[YOUR OBJECTIVE]:
Please repeat only the lines below starting at the line that holds "ワクワクメールで埼玉の異性と" and ending at the line that holds "为加强学生建设,营造良好的学", exactly, with both of those lines included and every picture omitted.
================================
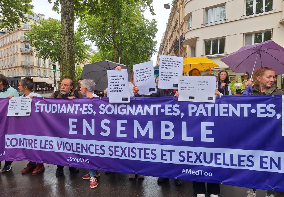 Unies, les participantes – soutenues par plusieurs associations féministes comme Osez le féminisme ! – ont réclamé des "mesures concrètes et immédiates" de lutte contre les violences sexistes et sexuelles (VSS), qui touchent tout particulièrement le milieu du soin. "Stop à l'omerta en médecine", "aujourd'hui ton violeur, demain ton docteur", "ras le viol"… pouvait-on ainsi lire sur des pancartes brandies haut.
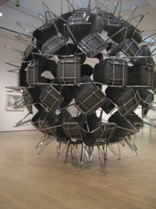Michel de Broin who creates in toying with paradox by inviting competing references to take up residence in a materially manifest form. In this approach conceptual moorings are severed by aesthetically confronting the viewer with an assemblage that silences or troubles the ideas it purports to speak for. In his sculpture “Black Whole Conference” the artist uses ordinary chairs—the primus locus of collective discussion —as building blocks to construct a sphere that inscribes itself on several intertwined conceptual levels: that of a public sphere with its open, non-hierarchical and egalitarian communicational architecture, that of an immunological system that is closed upon itself to ensure internal cohesion by defending against external threats, and that of a voyage ready astronautic capsule.
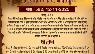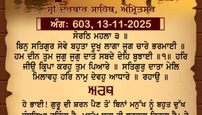 ਸ੍ਰੀ ਦਰਬਾਰ ਸਾਹਿਬ ਤੋਂ ਅੱਜ ਦਾ ਹੁਕਮਨਾਮਾ 13-11-2025
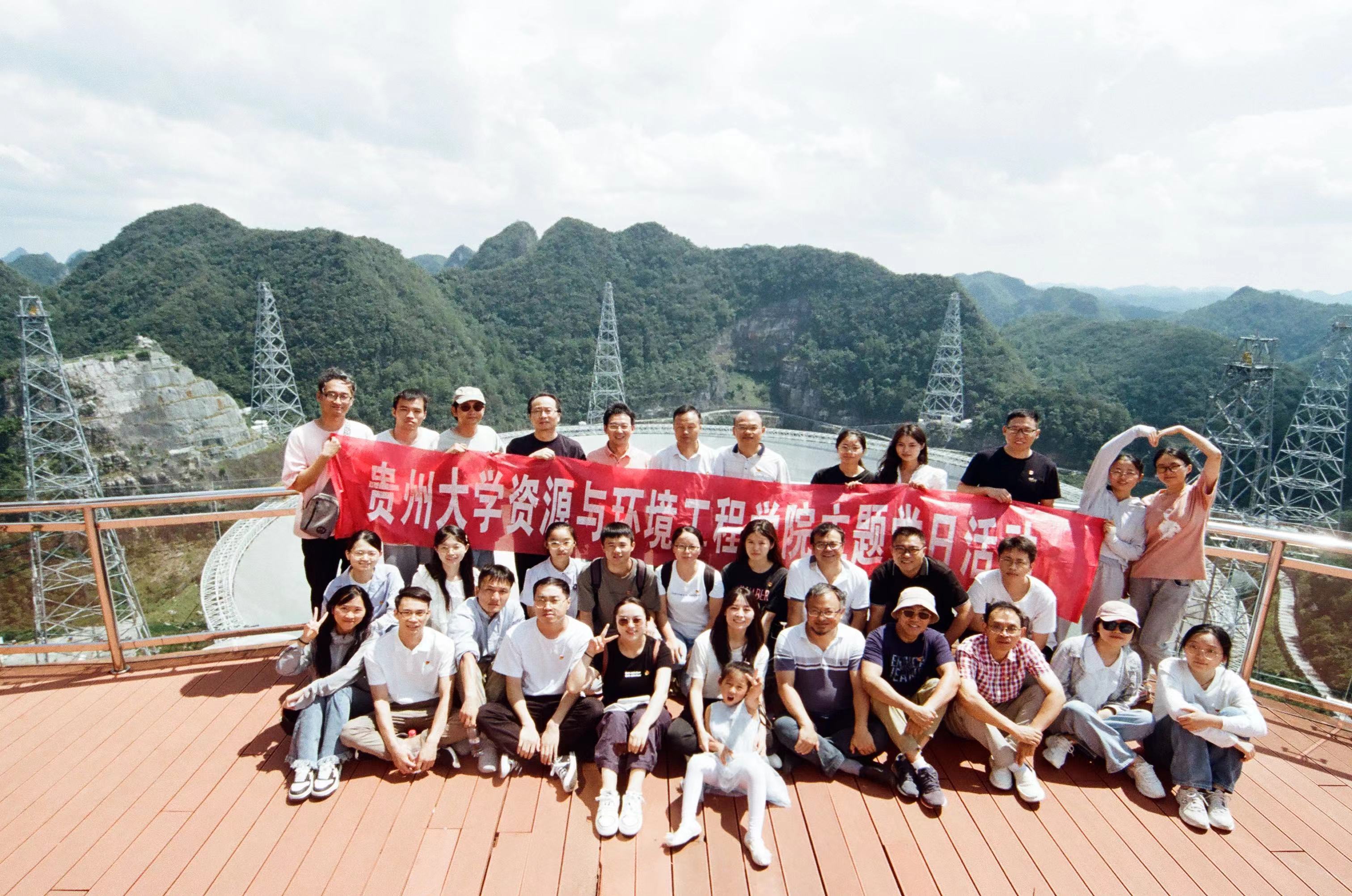 为大力弘扬科学家精神,激发广大党员同志创新发展内生动力,推动我院广大党员干部积极将各项工作融入生态文明建设及高质量发展中,学院党委以“弘扬科学家精神,推动高质量发展”为主题,在正处级组织员郭龙翔同志的带领下,于9月23日组织学院所属各党支部50余名党员同志赴科学家精神教育基地-平塘县“时代楷模”南仁东先进事迹馆、500米口径球面射电望远镜(FAST)、平塘国家地质公园等地进行参观学习。
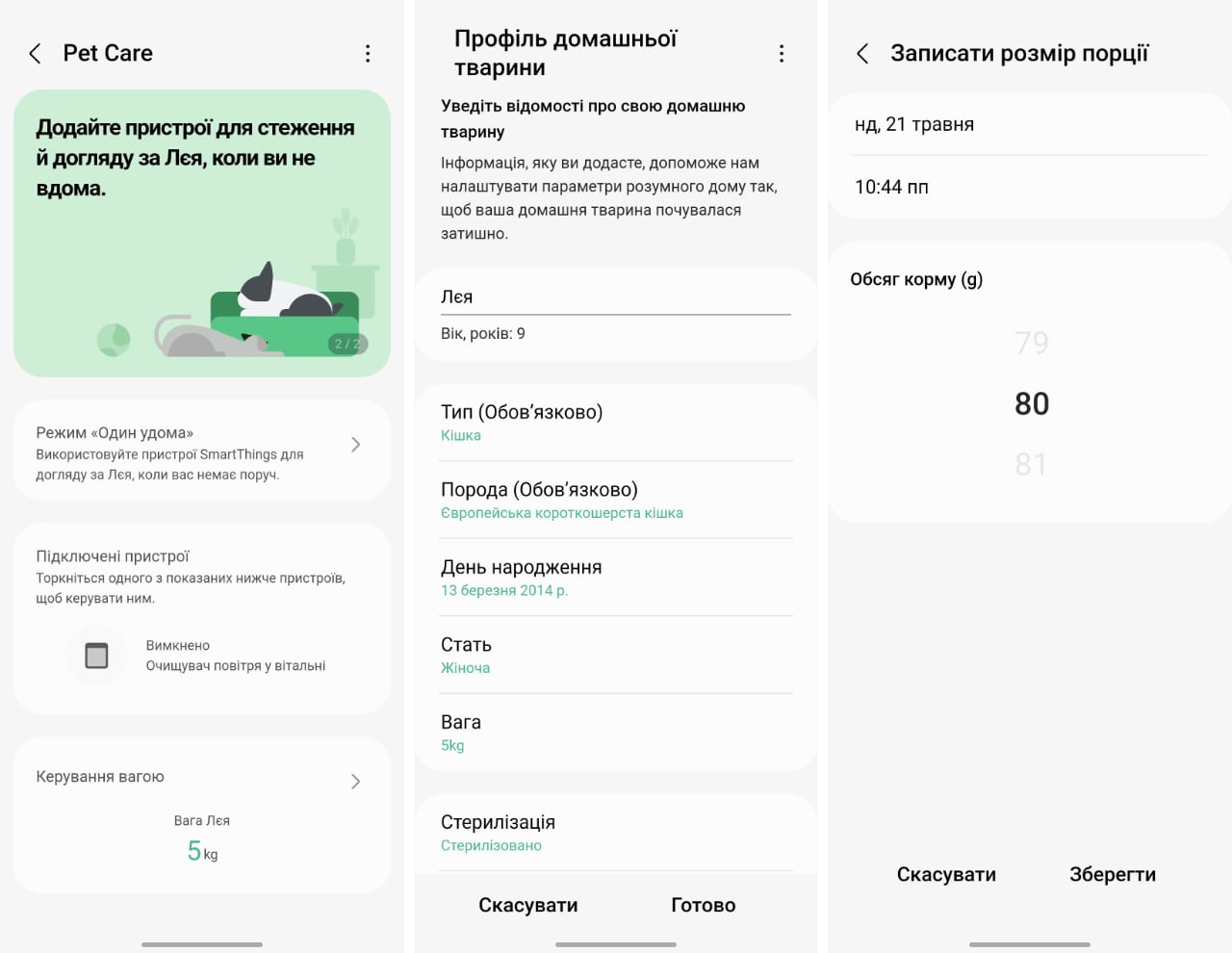 Veel mensen hebben huisdieren. Door het aantal katten in het algemeen staat Oekraïne in de top 10 van landen in de wereld. Het is dus niet verwonderlijk dat SmartThings aparte opties biedt voor de verzorging van uw harige huisdieren. U kunt hun gewicht en voedselinname monitoren en scenario's integreren met bijvoorbeeld luchtreinigers of automatische voederautomaten. Een kat of hond kan bijvoorbeeld in de gaten worden gehouden via de camera van een Samsung Jet Bot AI+ stofzuiger.
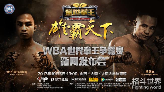 2017年9月8日下午,“盖世拳王•WBA世界拳王争霸赛”新闻发布会在山西大同中国雕塑博物馆召开,在本次赛事主题为“雄霸天下•天下大同”的发布会现场。中国首位世界拳王熊朝忠现场宣布,将在10月3日,在大同市大学体育馆,与泰国选手潘亚·普拉达斯里打响自己复出的第一战。
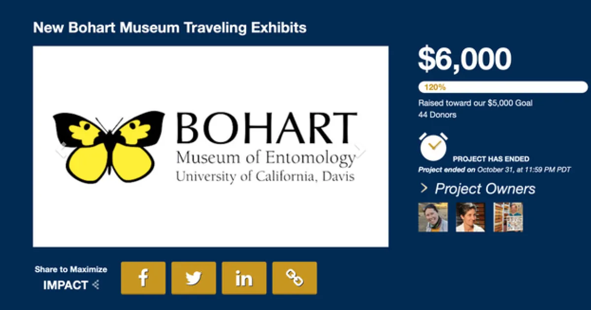 As they say on their website: "The Bohart Museum of Entomology is a research collection and public museum dedicated to understanding, documenting and communicating terrestrial arthropod diversity. In our 75th year, the Bohart has maintained a robust outreach program that typically connects with over 10,000 people each year. Portable educational boxes have been a great way for us to share the museum experience with others. Housed in the same specimen boxes that we use for the research collection, these displays travel all over Northern California to festivals, events, museums, hospitals and classrooms. UC Davis students, staff, teachers and scout leaders routinely borrow these materials to enrich their programs."
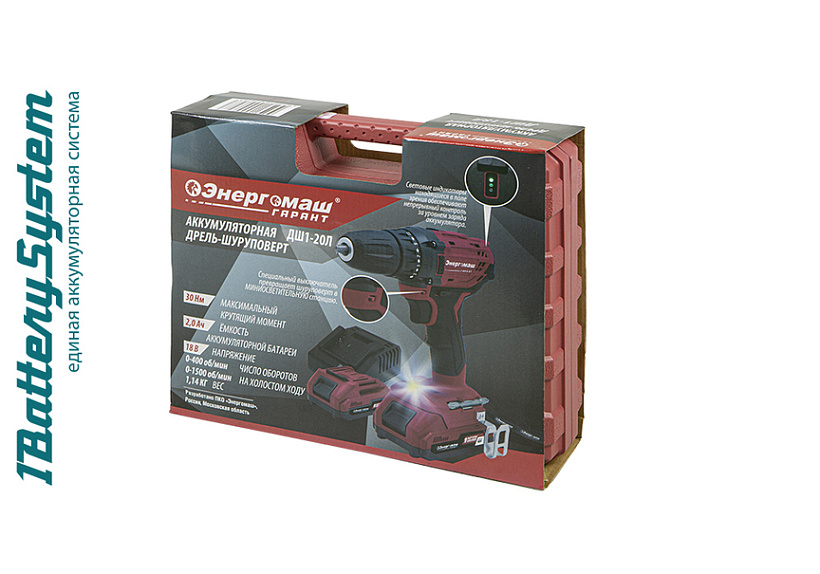 Аккумуляторный шуруповерт Энергомаш ГАРАНТ ДШ1-20Л 1BatterySystem
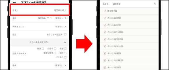 ワクワクメールで埼玉の異性と出会うなら、プロフィール検索を利用しましょう。プロフィール検索では市町村まで居住地を絞って探せます。
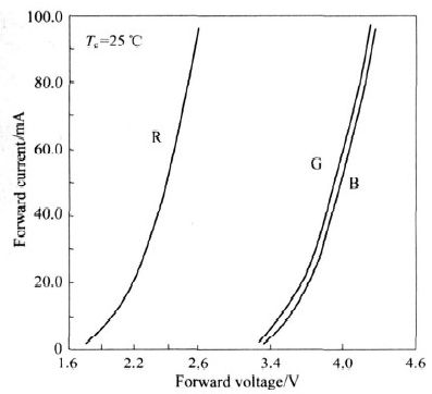 圖1 和圖2 反映了一組R、G、B 3 種LED 的正向電壓VF與正向電流IF 以及IF 與亮度L 間的關(guān)系??梢钥闯?超過門限電壓后,隨著VF 的增加, IF 先是緩慢增加而后便急劇增加。
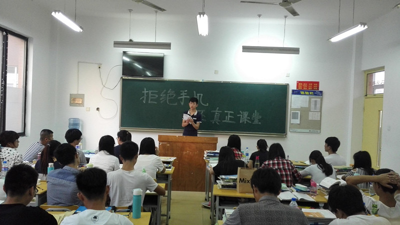 为加强学生建设,营造良好的学习环境,让学生远离手机,回归课堂,6月3日电气工程系在2014级电气工程及其自动化专业本科班推行“无手机课堂”活动。
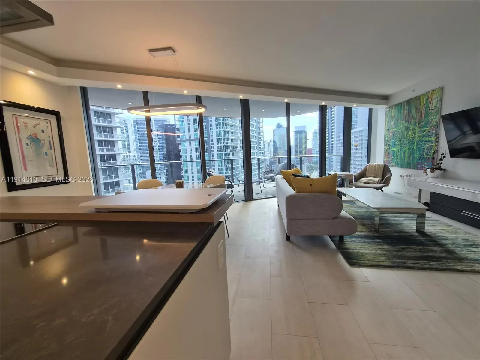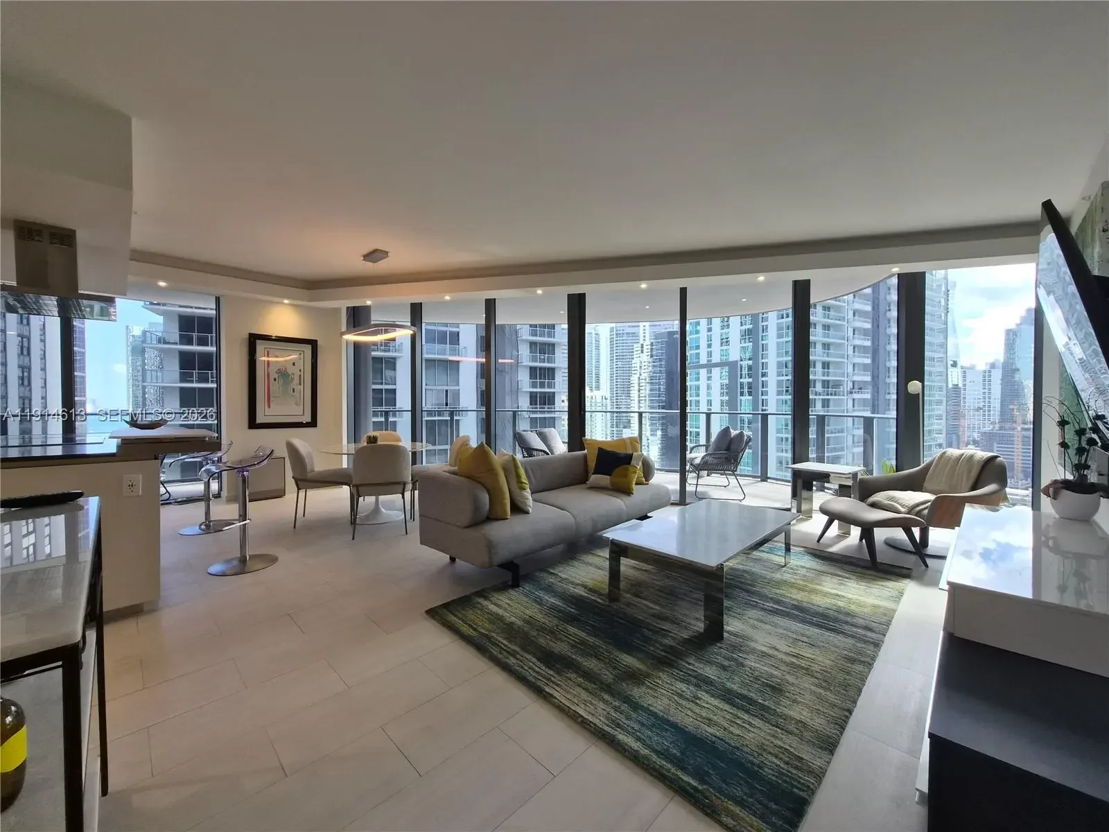 Beautiful two-bedroom residence: Interior 1,400 SF, Terrace 500 SF, located in the heart of Brickell in the luxurious Flatiron, Brickell's finest tower by renowned developer Ugo Colombo. Enjoy 180° breathtaking views of the city and bay, framed by floor-to-ceiling glass doors and elliptical balconies. Electric window are installed throughout the unit. Italian kitchen equipped with MIELE appliances. The residence features Barausse Italian custom doors 7 feet tall. Flooring includes Marble and Italian porcelain tile by Casalgrande Padana. Assigned parking plus free valet. 24/7 security. Amenities, including a movie theater, wine room and social rooms, rooftop gym, pool, spa, kids' room, and kids' pool. Walking distance to shops and restaurants and a short drive to Miami International Airport and Miami Beach.
================================
[TASK RESULT]:
 ワクワクメールで埼玉の異性と出会うなら、プロフィール検索を利用しましょう。プロフィール検索では市町村まで居住地を絞って探せます。
 圖1 和圖2 反映了一組R、G、B 3 種LED 的正向電壓VF與正向電流IF 以及IF 與亮度L 間的關(guān)系??梢钥闯?超過門限電壓后,隨著VF 的增加, IF 先是緩慢增加而后便急劇增加。
 为加强学生建设,营造良好的学习环境,让学生远离手机,回归课堂,6月3日电气工程系在2014级电气工程及其自动化专业本科班推行“无手机课堂”活动。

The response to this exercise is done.